We consider the problem of propagating the uncertainty from a possibly large number of random inputs through a computationally expensive model. Stratified sampling is a well-known variance reduction strategy, but its application, thus far, has focused on models with a limited number of inputs due to the challenges of creating uniform partitions in high dimensions. To overcome these challenges, we propose a simple methodology for constructing an effective stratification of the input domain that is adapted to the model response. Our approach leverages neural active manifolds, a recently introduced nonlinear dimensionality reduction technique based on neural networks that identifies a one-dimensional manifold capturing most of the model variability. The resulting one-dimensional latent space is mapped to the unit interval, where stratification is performed with respect to the uniform distribution. The corresponding strata in the original input space are then recovered through the neural active manifold, generating partitions that tend to follow the level sets of the model. We show that our approach is effective in high dimensions and can be used to further reduce the variance of multifidelity Monte Carlo estimators.

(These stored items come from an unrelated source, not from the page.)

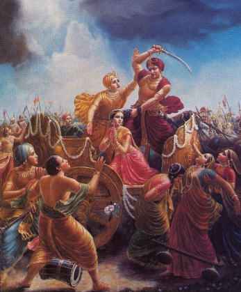[Krsna appears in this world for two purposes, paritranaya sadhunam vinasaya ca duskrtam: to protect the innocent, religious devotees of the Lord and to annihilate all the uneducated, uncultured asuras who unnecessarily bark like dogs and fight among themselves for political power. It is said, kali-kale nama-rupe krsna-avatara. The Hare Krsna movement is also an incarnation of Krsna in the form of the holy name (nama-rupe). Every one of us who is actually afraid of the asuric rulers and politicians must welcome this incarnation of Krsna: Hare Krsna, Hare Krsna, Krsna Krsna, Hare Hare/ Hare Rama, Hare Rama, Rama Rama, Hare Hare. Then we will surely be protected from the harassment of asuric rulers. At the present moment these rulers are so powerful that by hook or by crook they capture the highest posts in government and harass countless numbers of people on the plea of national security or some emergency. Then again, one asura defeats another asura, but the public continues to suffer. Therefore the entire world is in a precarious condition, and the only hope is this Hare Krsna movement.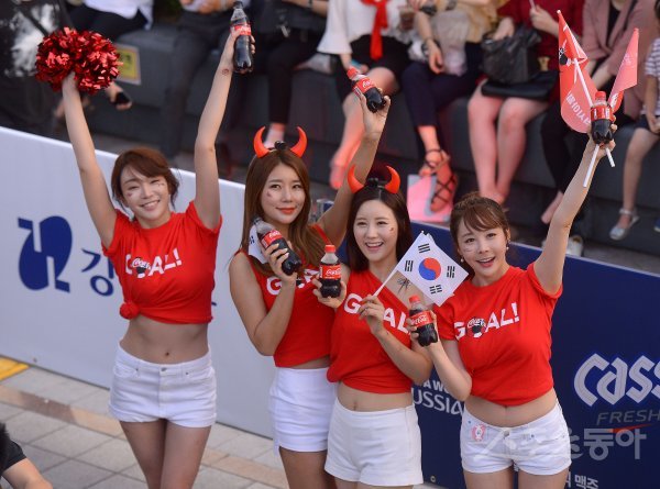 18일 서울 강남구 삼성동 영동대로에 위치한 현대자동차 팬파크에서 2018 러시아월드컵 조별예선 F조 대한민국과 스웨덴의 경기를 앞두고 거리응원이 펼쳐졌다. 여성 축구팬들이 카메라를 보며 포즈를 취하고 있다.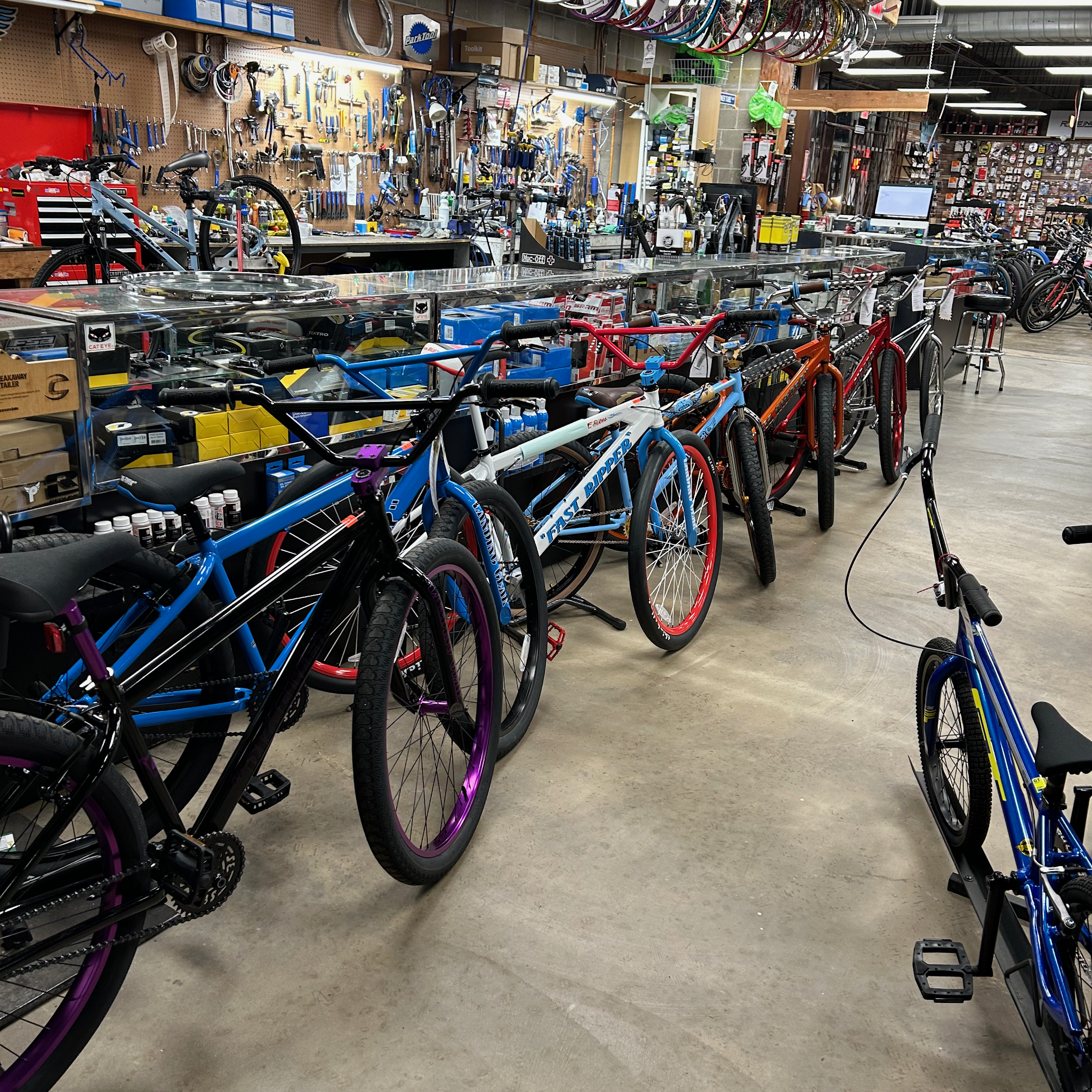 Visited this store for the first time today. Very nice atmosphere with lots of bikes to choose from. I liked that no one was trying to pressure me to buy anything. After looking around a bit I was able to bring in my bike and have it serviced within 5 minutes I was back on the road.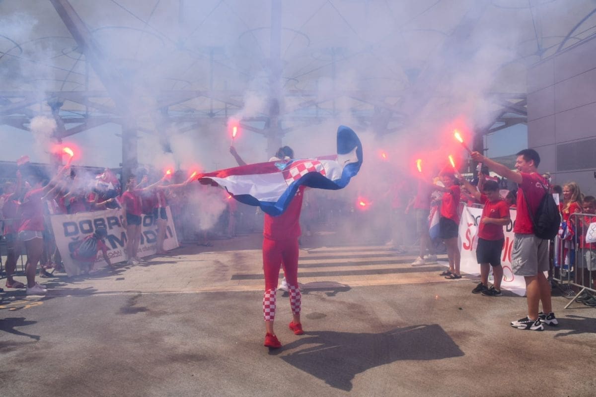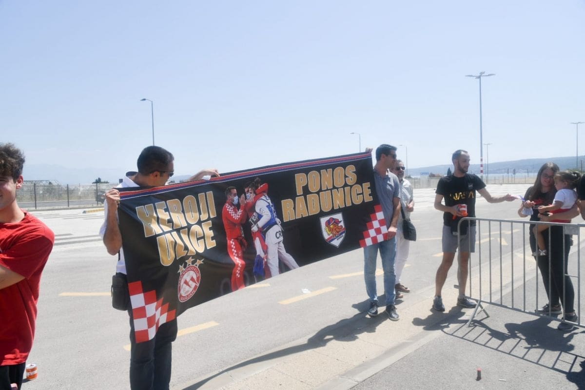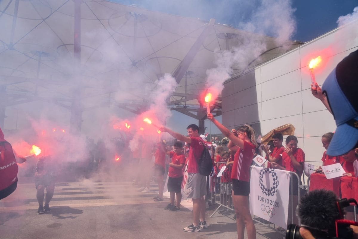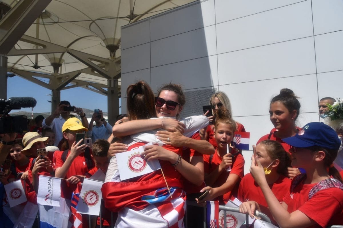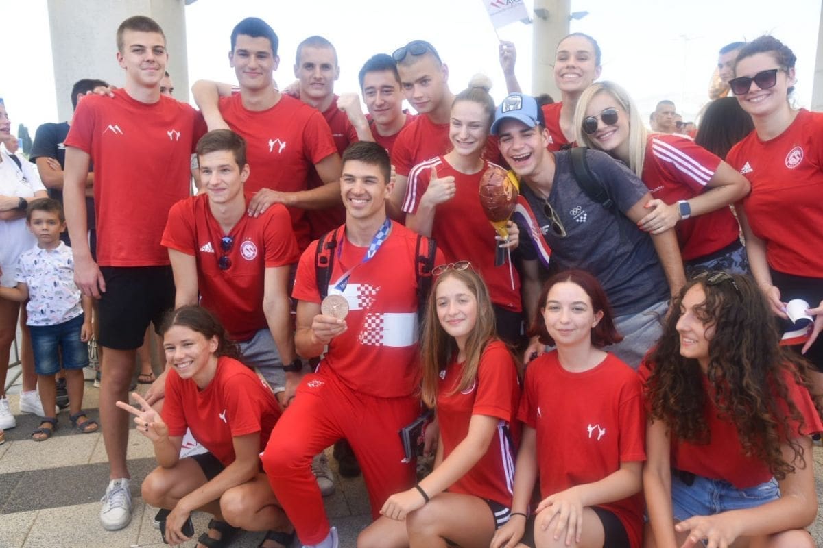 Špalir za medaljaše iz Tokija priredili su kolege iz kluba Marjan na izlazu iz zračne luke u Kaštelima uz gromoglasan pljesak, baklje, hrvatsku zastavu i povike 'Šampioni!'. Dijelili su autograme i brošure, a pala je i koja suza radosnica.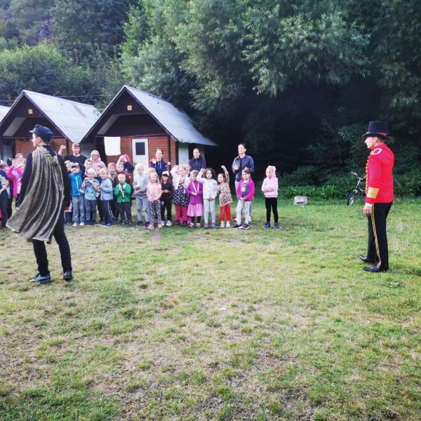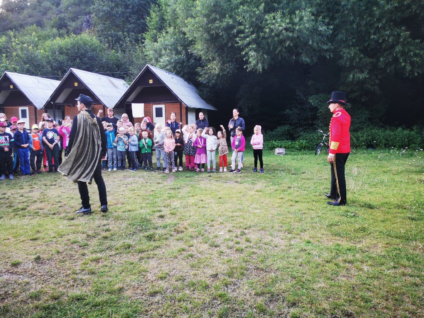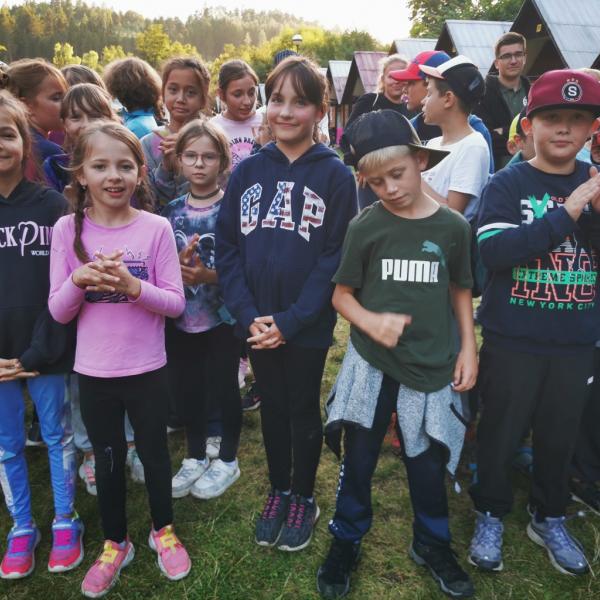 Večer jsme vlastně navázali na ráno a pokračovali jsme v klidnějším programu. Využili jsme manéže a zorganizovali pro nejmenší letní kino. Nechyběla limča a popkorn ;). Velcí měli totéž, ale v amfiteátru. Ani tady nechyběly různé pochutiny. Dětem se to asi líbilo, protože říkaly, že to byl "slušnej chill", což jsem pochopil, že v řeči mého kmene znamená "moc se mi to líbilo" ;).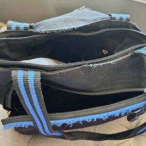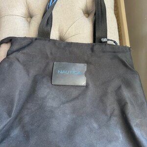 'Nautica' brand, black strong canvas carry-on totebag. Excellent for carry-on beneather airplane seat - expands nicely, but still fits. Measurements are: 16" W x 13" H. As you can see from the photos, there is some fraying on blue edges, and top of bag. Otherwise, no rips, tears or stains. Strong, durable bag for travel. Has zipped top closure, as well as an exterior large zipped pocket (see photo).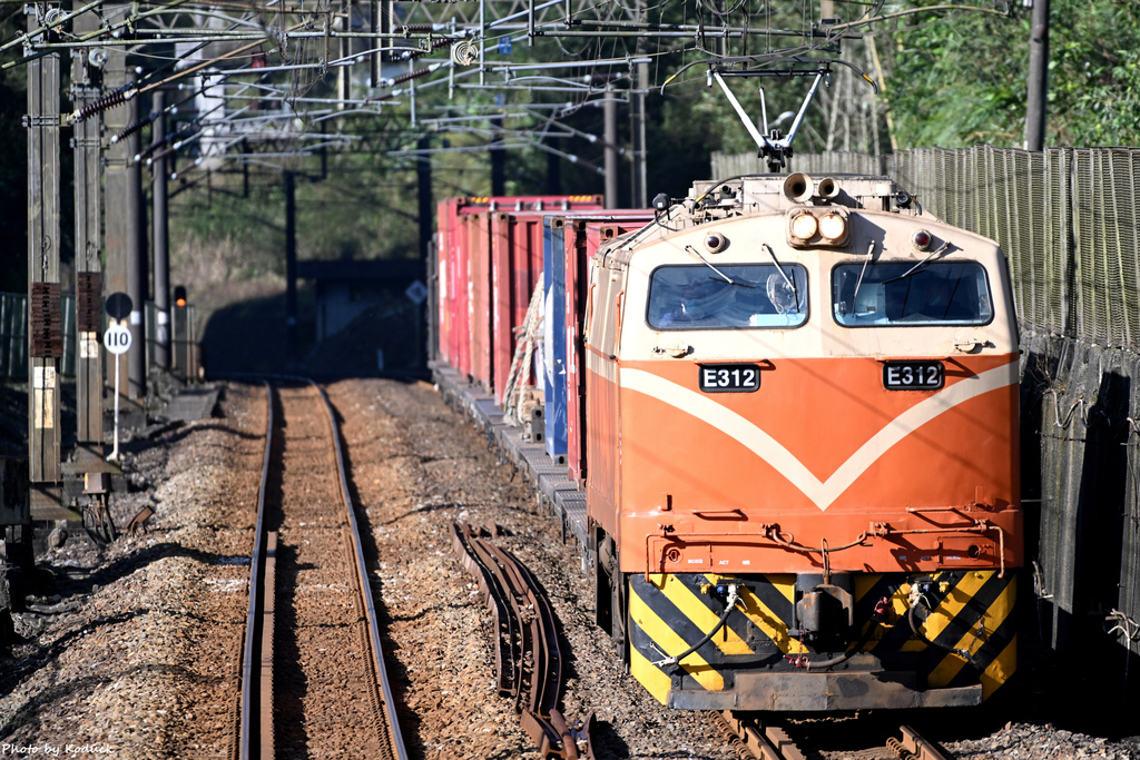 (31)7558次貨列@三貂嶺牡丹間。早上的下行的貨列,剛好帶著貨櫃,來這裡架梯拍還不錯。

翻译：本文研究如何将可能大量随机输入的不确定性传播至计算成本高昂的模型中。分层抽样是一种经典的方差缩减策略，但由于在高维空间构建均匀划分存在困难，其应用迄今主要局限于输入变量有限的模型。为突破这一限制，我们提出一种简洁的方法论，用于构建适应模型响应的输入域有效分层。该方法基于神经主动流形——一种近期提出的基于神经网络的非线性降维技术，能够识别出捕获模型主要变异特征的一维流形。由此得到的一维潜空间被映射至单位区间，并在该区间内针对均匀分布执行分层操作。原始输入空间中对应的分层通过神经主动流形进行重构，生成的划分能够趋近于模型的等高线集。我们证明该方法在高维情形下依然有效，并可进一步降低多保真度蒙特卡洛估计量的方差。